Comment 31 Xavier Claessens 2014-02-06 18:30:37 UTC
About the config: I changed it to act like the one in miner/fs/. I've grepped and those settings are never set from the code, except for 'verbosity'. Note that g_settings_apply() is never called so it will never be stored anyway. That's a bug for the migration code AFAIK.

I did that change because that's how I need my 'wait-for-miner-fs' option to work, that I add in a later commit.

It is indeed more complex that I initially though, so take your time to double check if my patch is correct :-)
Comment 32 Xavier Claessens 2014-02-06 18:39:17 UTC
(In reply to comment #28)
> (From update of attachment 268224 [details] [review])
> > static void
> >@@ -236,7 +256,9 @@ tracker_extract_decorator_paused (TrackerMiner *miner)
> > 
> > 	priv = TRACKER_EXTRACT_DECORATOR (miner)->priv;
> > 	g_debug ("Decorator paused\n");
> >-	g_timer_stop (priv->timer);
> >+
> >+	if (priv->timer)
> >+		g_timer_stop (priv->timer);
> 
> Hmm, priv->timer should always be set, the check here shouldn't be necessary.
> Sounds like init/term code needs fixing...

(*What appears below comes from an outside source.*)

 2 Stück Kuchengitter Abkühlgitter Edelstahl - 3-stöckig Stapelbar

It is actually a bit more complex: We want to calculate the time between tracker_extract_decorator_items_available() and tracker_extract_decorator_finished() but not the time spent while paused. So the timer is created in _items_available() and destroyed in _finished(). But pause/resume could be called when there are no items available, so timer would be NULL. Also note that items can become available while the miner is paused, that's why I do g_timer_new() followed by g_timer_stop() in that case.

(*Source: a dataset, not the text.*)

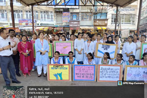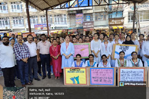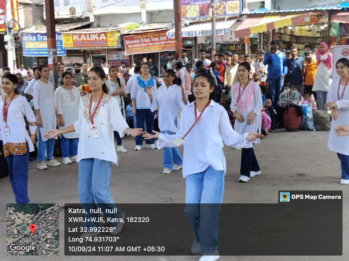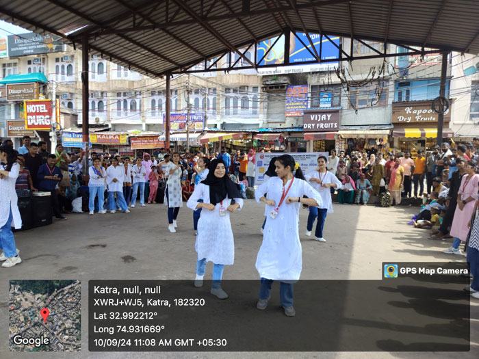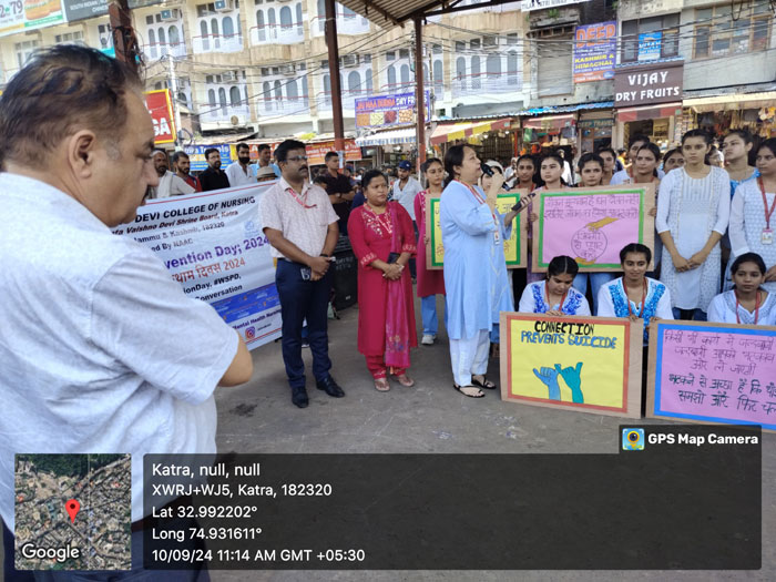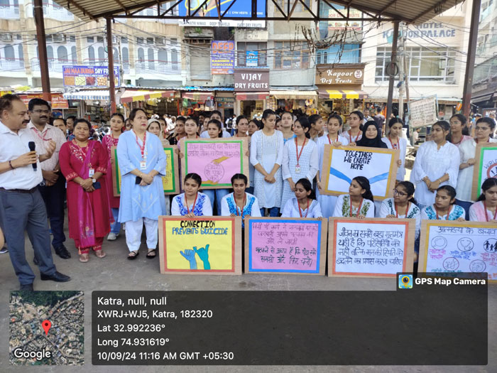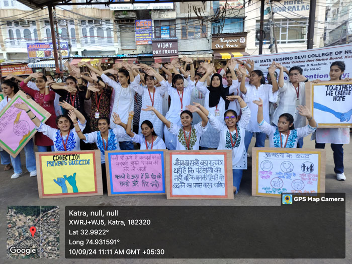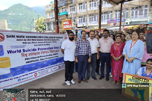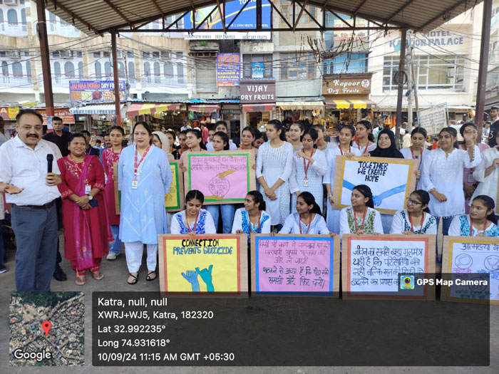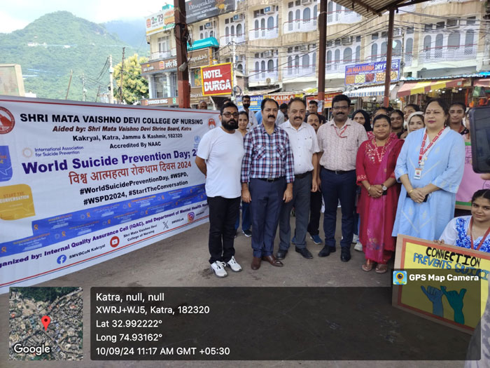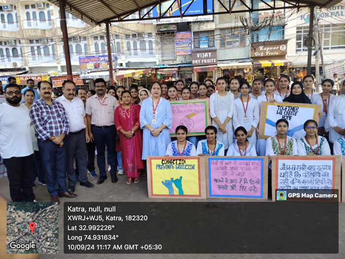 The Shri Mata Vaishno Devi College of Nursing, in collaboration with the IQAC and Mental Health departments, organized a Suicide Prevention Awareness event on 10th September 2024 in Katra, Jammu. The event featured a flash mob dance that attracted a large gathering of the local community. Mr. Dinesh C Anthal Naib Tehsildar, Katra, graced the occasion with his esteem and presence. Furthermore, Principal Dr. Shailla Cannie addressed the audience, highlighting the significance of suicide prevention in the socity

That said, thinking about it again, it could be simplified by creating the timer in decoractor_init() and destroy in it in finalize(), then just reset it in items_available(). Do you prefer that ?
Comment 33 Martyn Russell 2014-03-17 16:34:19 UTC
This problem has been fixed in the development version. The fix will be available in the next major software release. Thank you for your bug report.